Convivere con il terremoto cambia la lettura del presente: per questo molti giovani vanno via dall’Aquila e dalle terre dei sismi, perché scappano dal peso di non voler affrontare questo presente pesante. 
E quindi come pensare le città post-sisma? Di acquirenti e non di abitanti? Il terremoto induce i singoli a contare il tempo avanti, a voler pensare a una normalità immediata, a contare quanto si è perso e si sta perdendo e a essere insofferenti all’attesa di qualcosa che verrà, che sarà più bello, come dicono i turisti e chi non vive nelle città colpite. Per difendere la possibilità di vivere nell’Italia dei terremoti non bisogna aspettare che il terremoto ci restituisca città antisismiche che perdono, tuttavia, i loro originari abitanti. 

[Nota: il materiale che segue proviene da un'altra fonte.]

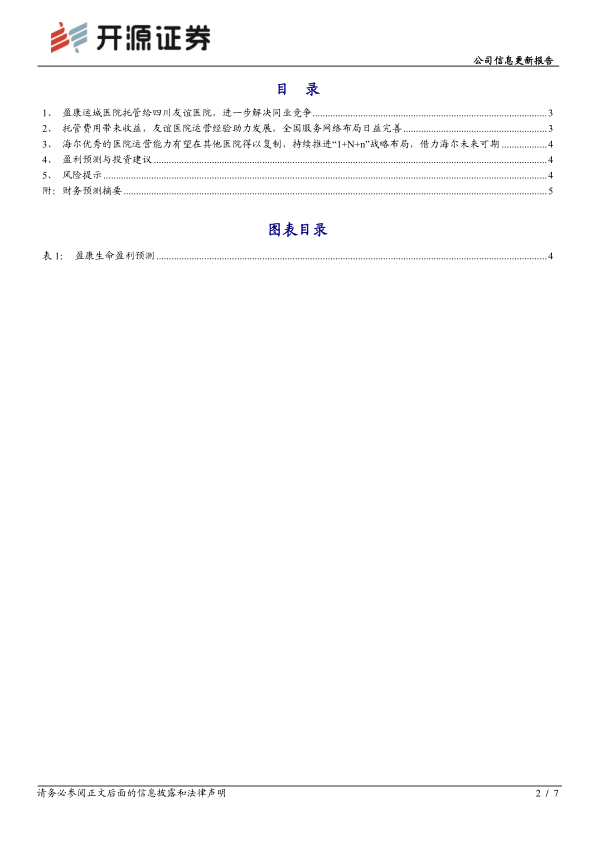 海尔优秀的医院运营能力有望在其他医院得以复制,借力海尔未来可期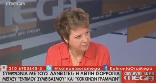 Η κοινοβουλευτική εκπρόσωπος του ΣΥΡΙΖΑ, βουλευτής Άρτας Όλγα Γεροβασίλη συμμετείχε το πρωί της Τρίτης, 19 Μαΐου 2015, στην εκπομπή "ΚΟΙΝΩΝΙΑ ώρα MEGA" στον τηλεοπτικό σταθμό MEGA.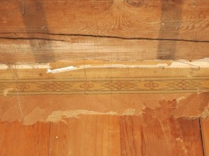 Last but not least, look what was revealed when the insulation board was removed. A snippet of the original wallcovering. Wallpaper? Oil cloth? Glad I could get a photo.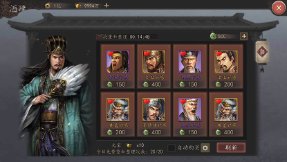 酒肆:酒肆属于主城内的固定建筑,当主公完成伍-秣马厉兵任务即可开启。酒肆主要通过消耗信物来购买武将好感度。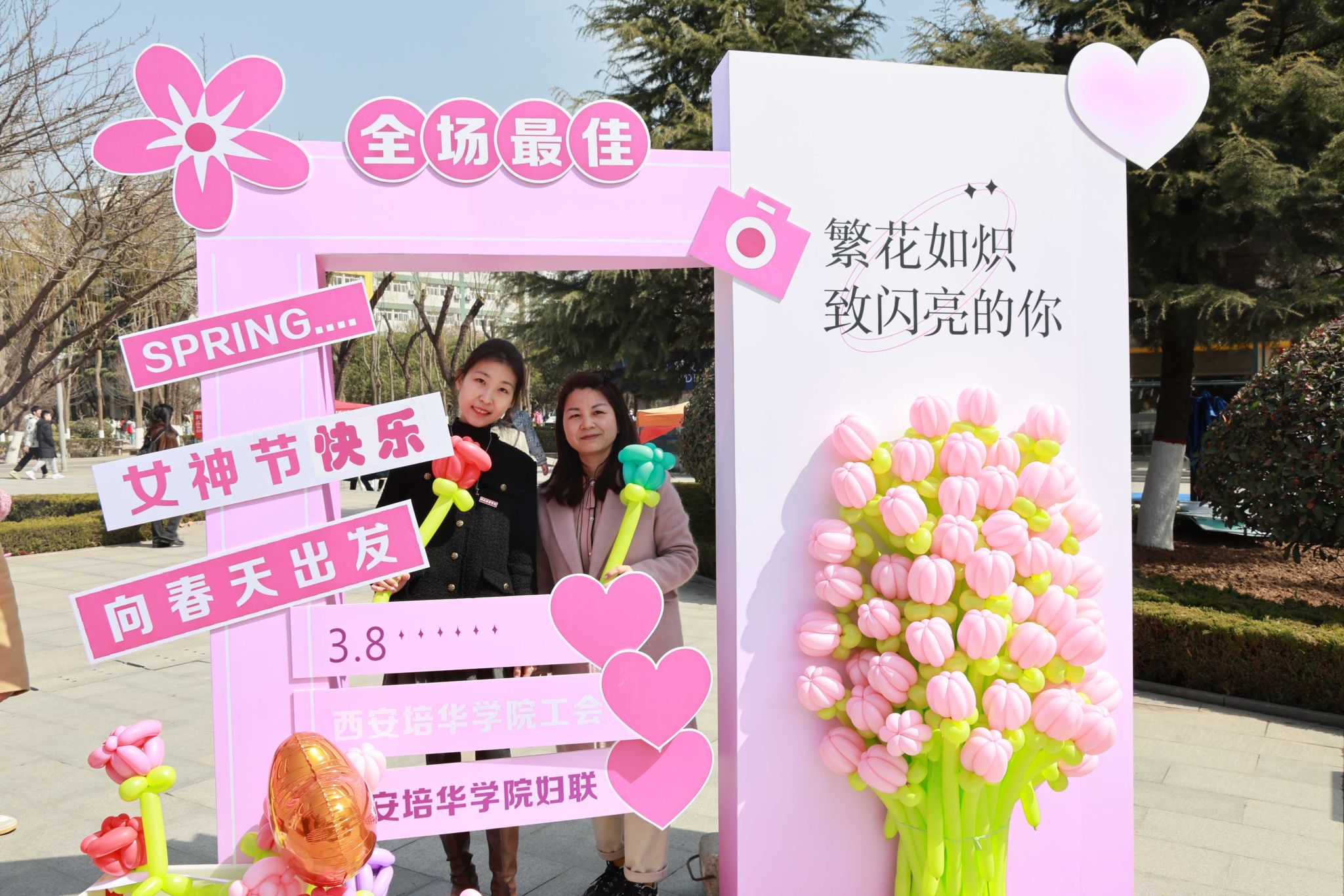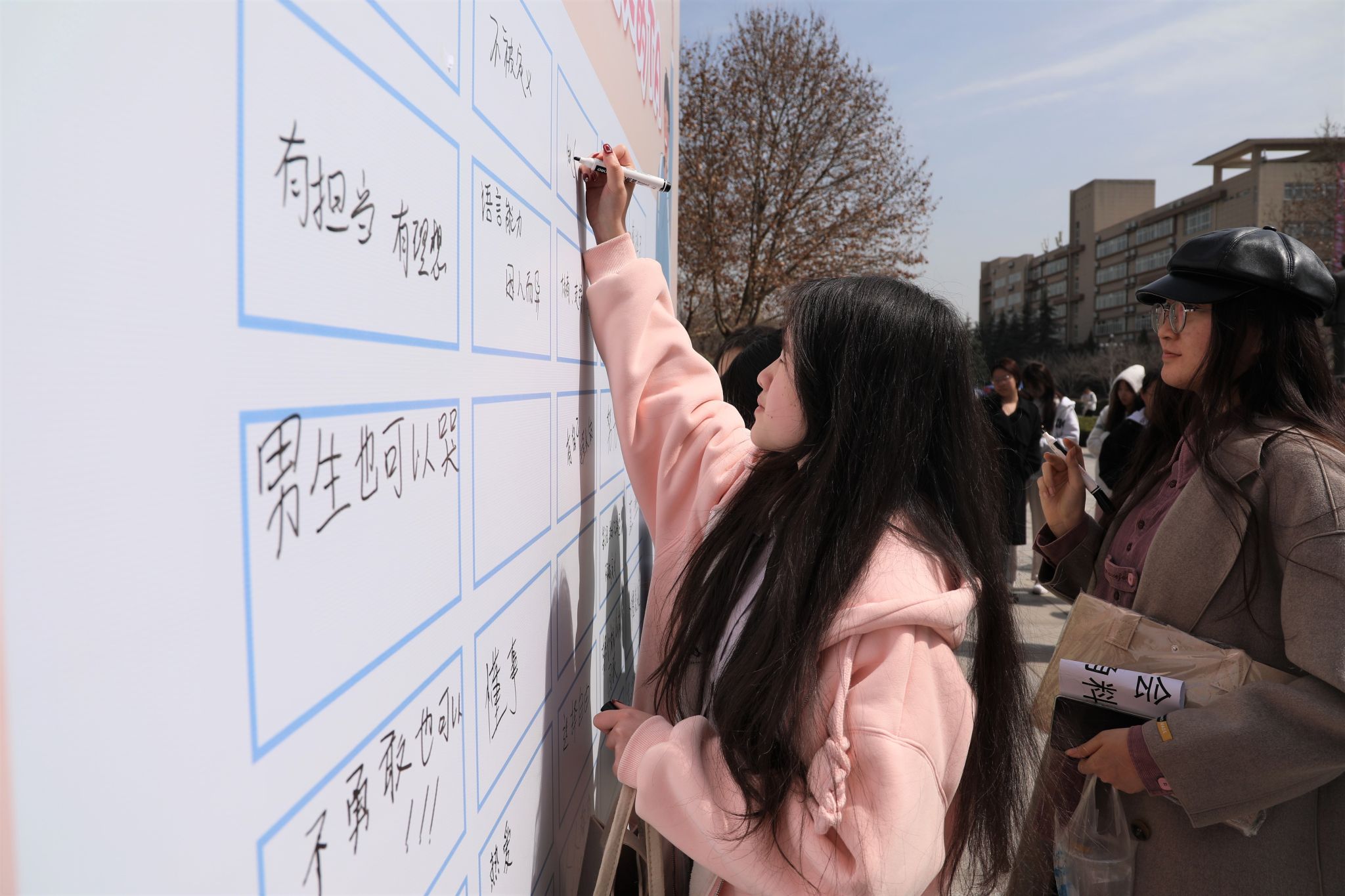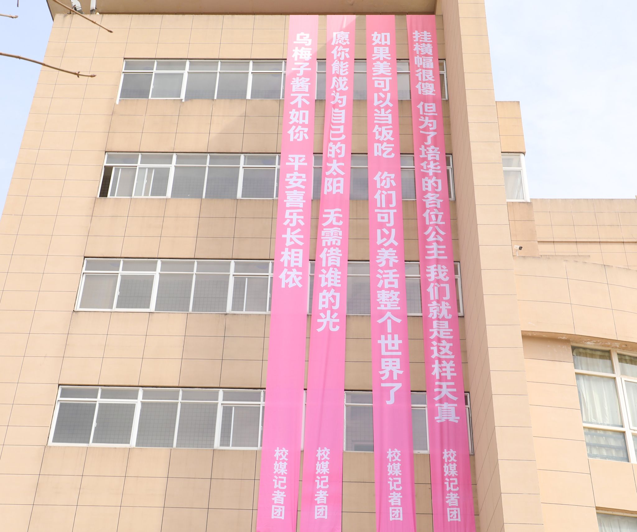 除了丰富多彩的活动,校媒记者团的同学们还为大家带来节日的惊喜——用粉色的条幅送上了一面墙的祝福。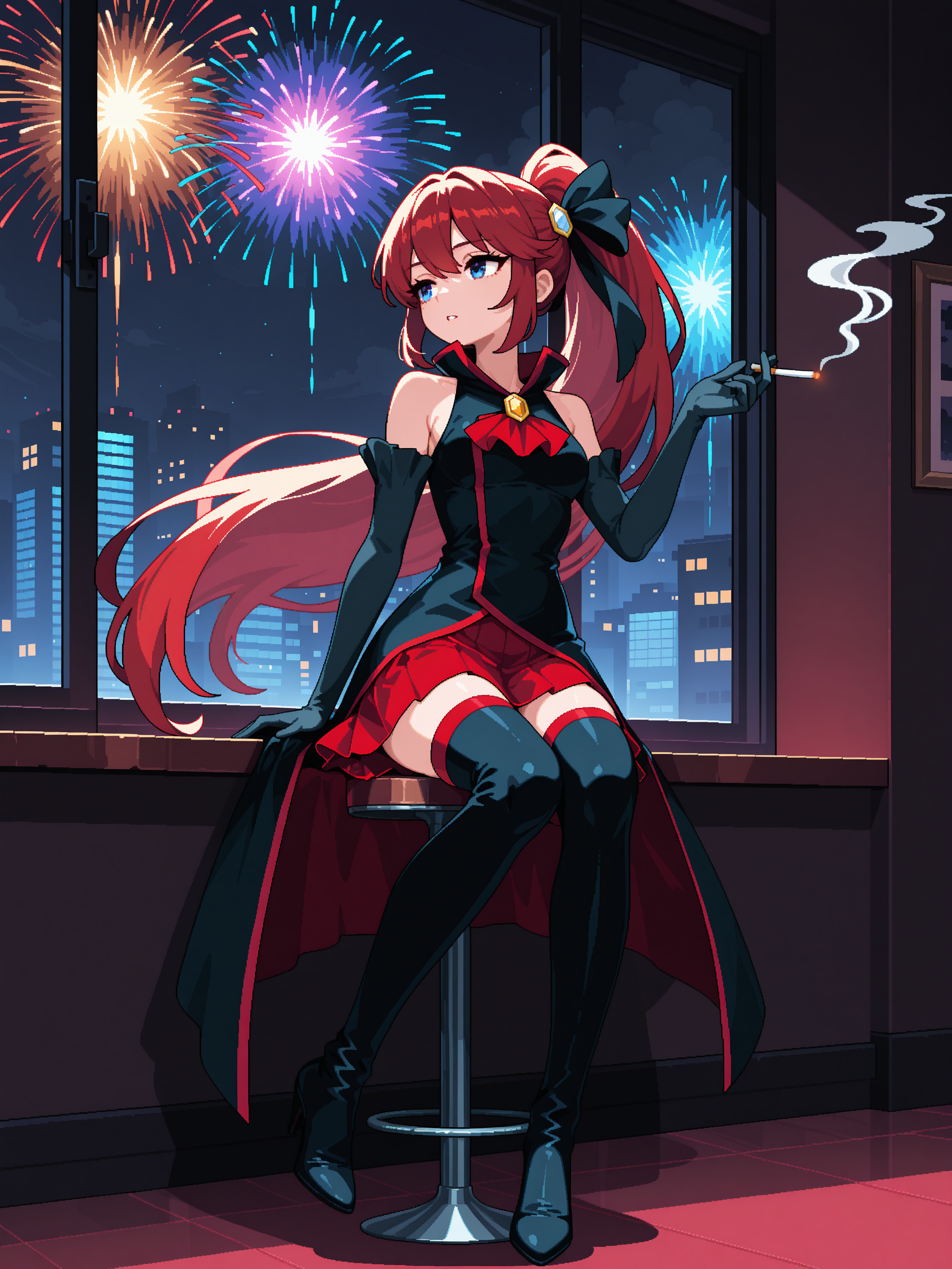 옷 태그: 긴 검은 드레스, 빨간 스커트, 브로치, 팔꿈치 장갑, 허벅지 부츠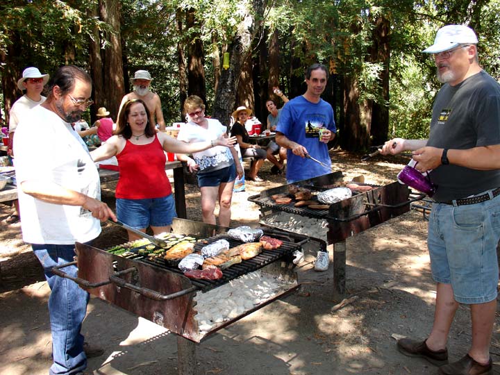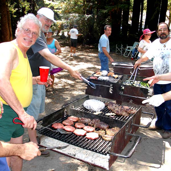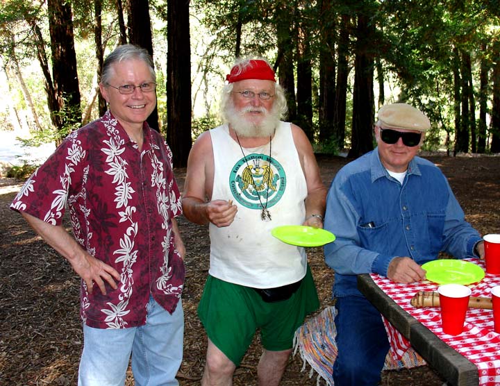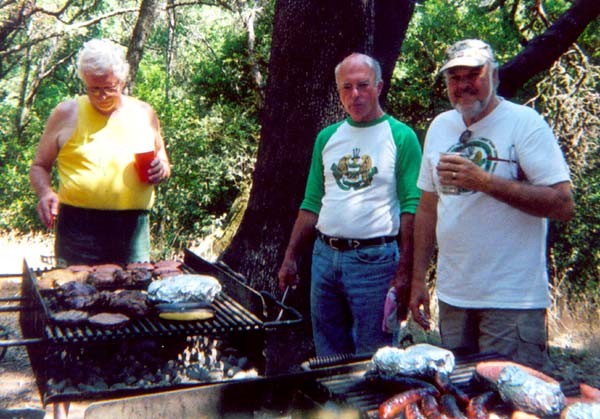 Joey, Steve Slide Slusser, Bob McIntyre, and Ross warm up before the barbecue.
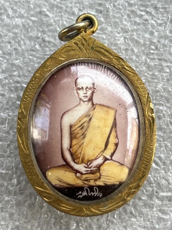 ล็อกเก๊ตทรงผนวช ร.๙ วัดบวรฯ"รุ่นบูรณะเจดีย์ ปี2550"ฉากชมพู เลี่ยมกรอบไมค่อน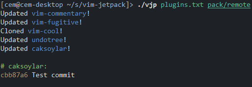 $ mkdir -p ~/.vim/pack/remoteCall vjp with plugins file and packages folder as arguments:

Si può sperare in città sicure da subito, con interventi mirati e diffusi, in zone individuate come a rischio. Sono necessarie operazioni che insegnano alla cittadinanza ad avere un ruolo attivo nel recupero della propria identità di territorio sismico, per fugare rassegnazione e attesa, implementando una partecipazione diversa alle dinamiche della propria città e della sua storia. 
È un percorso lungo, che deve iniziare subito. Quale è il ruolo della Storia quando un centro storico resta congelato per circa un decennio? 
Certamente quello di restituire le memorie ai luoghi che, nel tempo, tornano ad essere vissuti”.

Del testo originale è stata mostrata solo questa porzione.